We’ve all been buying fridges, wine and sparkly tops this year, judging by how the market has rewarded certain retail stocks.

There has been a lot of chatter about how alcohol sales have increased during lockdown, so it’s no surprise to see online specialist Naked Wines (WINE:AIM) become the second best retail stock in share price terms year-to-date.

Boohoo’s (BOO:AIM) ongoing success has also been well documented, with its young adult target market still buying new clothes despite not be able to enjoy a night out with friends.

Many readers might be surprised to see AO World (AO.) as the best performing retail stock so far this year. After all, this business has perennially disappointed since it joined the stock market in 2014 with progress in the UK clouded by losses in its European arm.

Its stock market success this year does make some sense. Home appliances will have seen a sharp rise in usage during lockdown and there is nothing worse than not being able to wash your clothes because the washing machine’s broken, or your fridge can’t cope with all the extra food being stored in it.

For all the criticism from investors who lost patience with the business, AO does have a good reputation for service which is very important from the customer’s perspective. People will return to reliable sellers such as AO when seeking a new appliance.

A 63% share price gain this year must be viewed in the context of AO’s shares having risen from a low base.
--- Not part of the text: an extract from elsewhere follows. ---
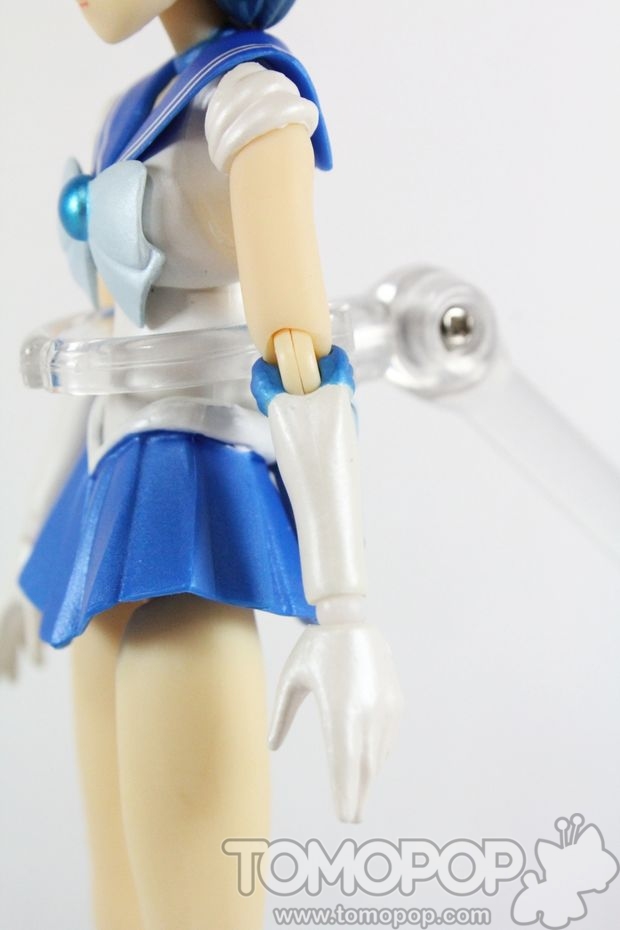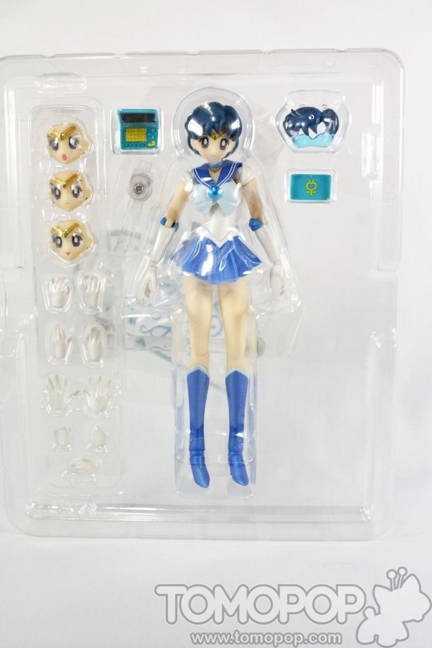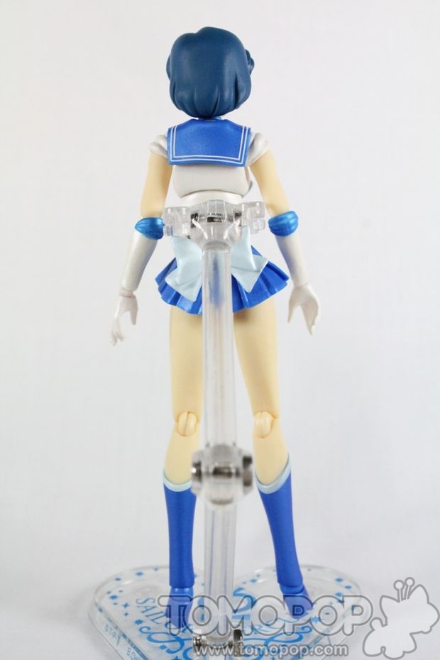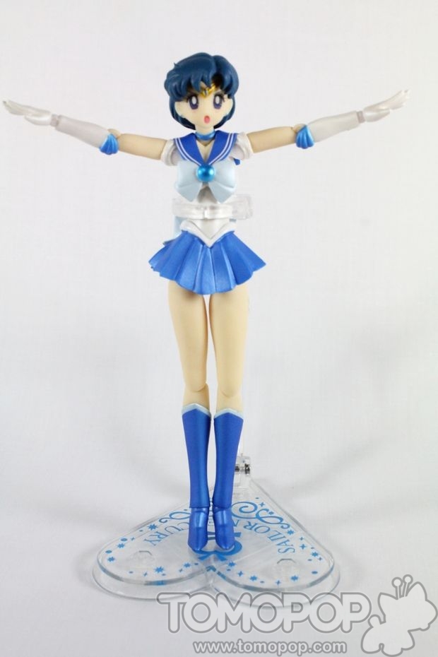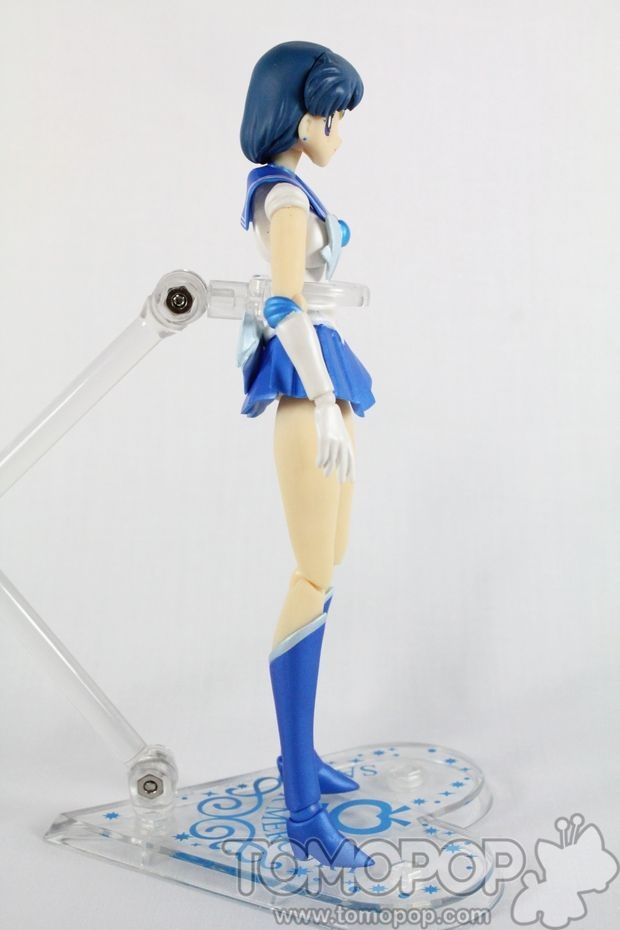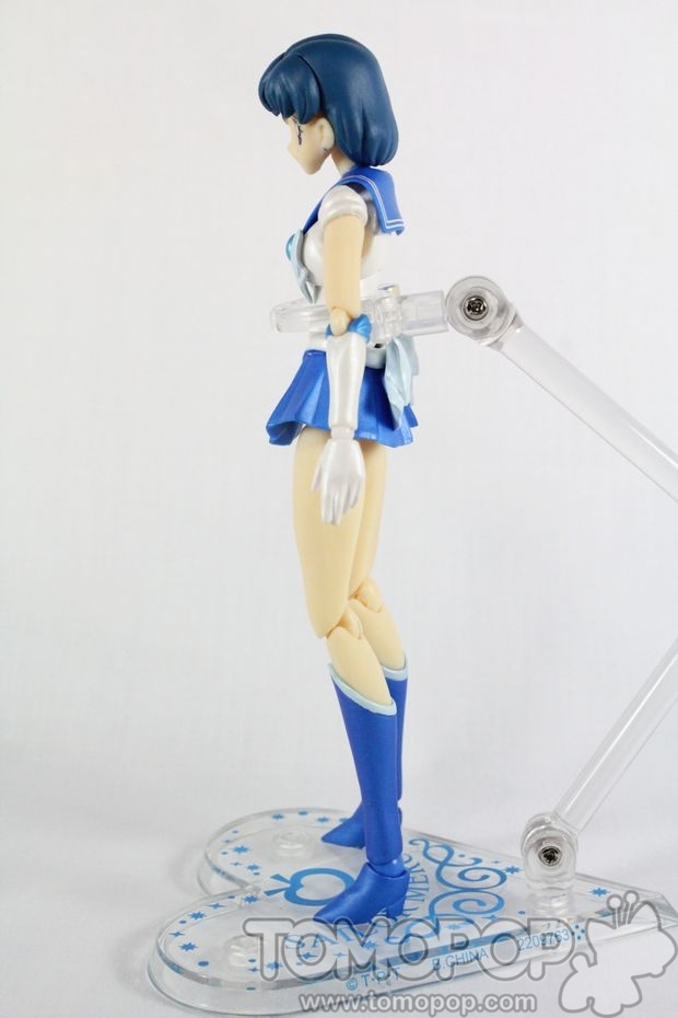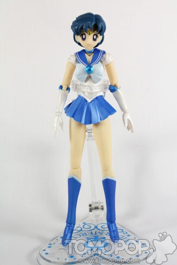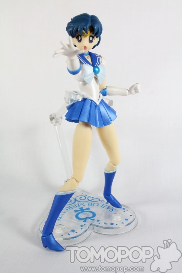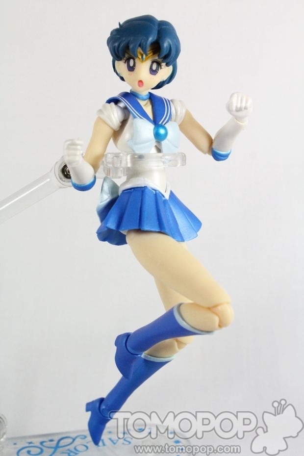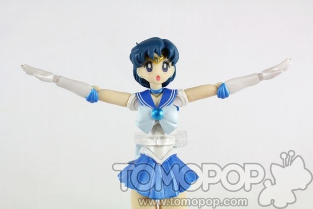 Jeśli chodzi o samą figurkę Sailor Mercury, to jest dobrze wykonana i pomalowana. Niebieska i granatowa farba mają lekko połyskujący odcień, co w świetle daje ciekawe efekty. Możliwości ustawienia figurki są dosyć spore, ruchome elementy to głowa, której można również zmieniać twarz, gogli nie zakłada się oddzielnie, ale również są oddzielną wymienną twarzą, ręce i nogi są zginane w 3 miejscach, a dłonie można wymieniać, regulować można również pas i miejsce pod biustem. Złączki do dłoni są nieco inne, więc nie można ich wymieniać z figurką Sailor Moon. W pasie można rozłożyć figurkę na pół. Spódniczka, ze względu na duży zasięg ruchomości nóg, jest wykonana z bardziej gumowego tworzywa, dzięki czemu można ją odginać i złożona jest z dwóch elementów, przodu i tyłu, które po bokach nachodzą na siebie. Dzięki temu przy szerokim rozstawieniu nóg spódniczka może zwiększyć swój obwód, ale nie będzie widać pęknięcia między częściami. Jedynym mankamentem tej figurki jest to, że fryzura, mimo że krótka, uniemożliwia odgięcie jej do tyłu, gdyż włosy obierają się o kołnierzyk.

Until late April 2020, the stock had been in falling trend since 2018 and a recovery last November was short-lived.

AO regained interest from investors on 12 May by saying it had grown market share with increased demand and sales since lockdown.

Many companies are incurring additional costs to keep staff safe so any joy over soaring revenues at AO’s forthcoming results on 14 July will have to be balanced by potential margin pressure.

A good comparative stock is Dixons Carphone (DC.) which has also experienced a sales boost from lockdown conditions. This business has really improved its customer service standards and has a leading market share for electrical goods.

While AO is a direct competitor, it is more associated with fridges, washing machines and dishwashers whereas Dixons is the go-to place for laptops and TVs.

Interestingly, Dixons’ shares are trading 35% lower than at the start of 2020, albeit they’ve been picking up in recent months. The company is likely to incur yet more losses on the mobile side of its business, but management are eager to top up product sales revenue with more income from repairs and customer credit as part of a new growth plan.

Both companies have a proposition needed in today’s world and there is a place for them to exist alongside Amazon. Dixons should focus on its shops being quasi sales and repair centres and AO should focus on rapid delivery and collection of unwanted items to feed its recycling operations.

There is little difference on product price between all three firms for electrical products, yet AO and Dixons can stand above Amazon by having extra services on top.